Half of them you'd need to explain what "bit rate" means, before even asking
the question. I only think about it for my DJ music collection (and VBR is
fine in that context, I'm just ruling out CBR stuff below ~192kpbs, because
sometimes it sounds a little harsh on the high end over the big speakers);
never worry about it for video or music streaming. If it's HD and looks/sounds
OK, I don't think about it at all. Netflix and Amazon both have acceptable
quality, so I don't think about it, I just consume it.

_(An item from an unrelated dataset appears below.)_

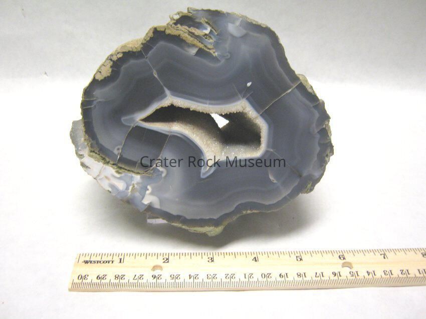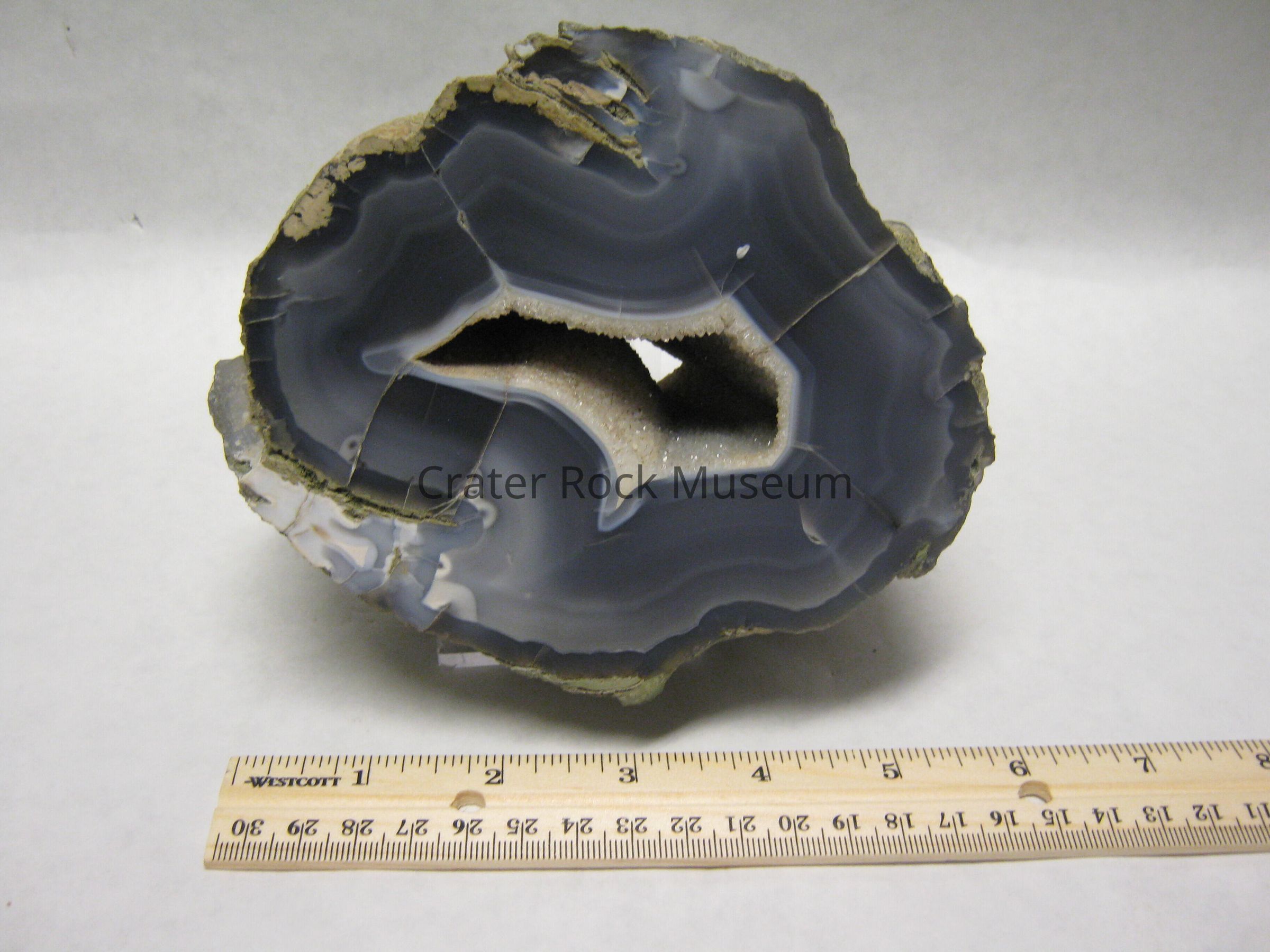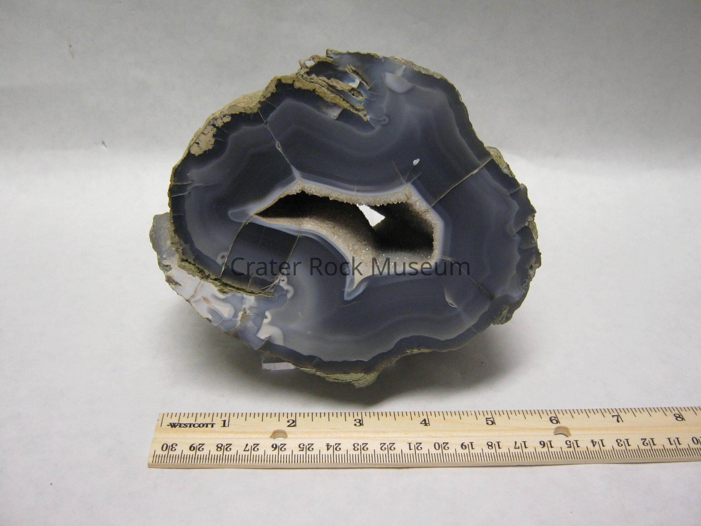 Description: Polished side shows open crystalline center in grey and white surrounded by dark blue grey fortified agate with some white at some points along outer edge. Outer rock is in clay like beige and greenish material. Surface cracks seen.

I think the success of Spotify and Pandora and Rhapsody are proof that
consumers don't care about quality. I don't know exactly what bit rate they're
streaming at, but, it sounds pretty bad on mobile, so I assume it's something
quite low. But, even though I recognize the crappiness of it, sometimes I
listen to them in the car (my truck has a crap stereo, anyway, so no big deal
there).

In short: Cool article, but the suggestion that consumers will stop it because
they want bigger files seems weird.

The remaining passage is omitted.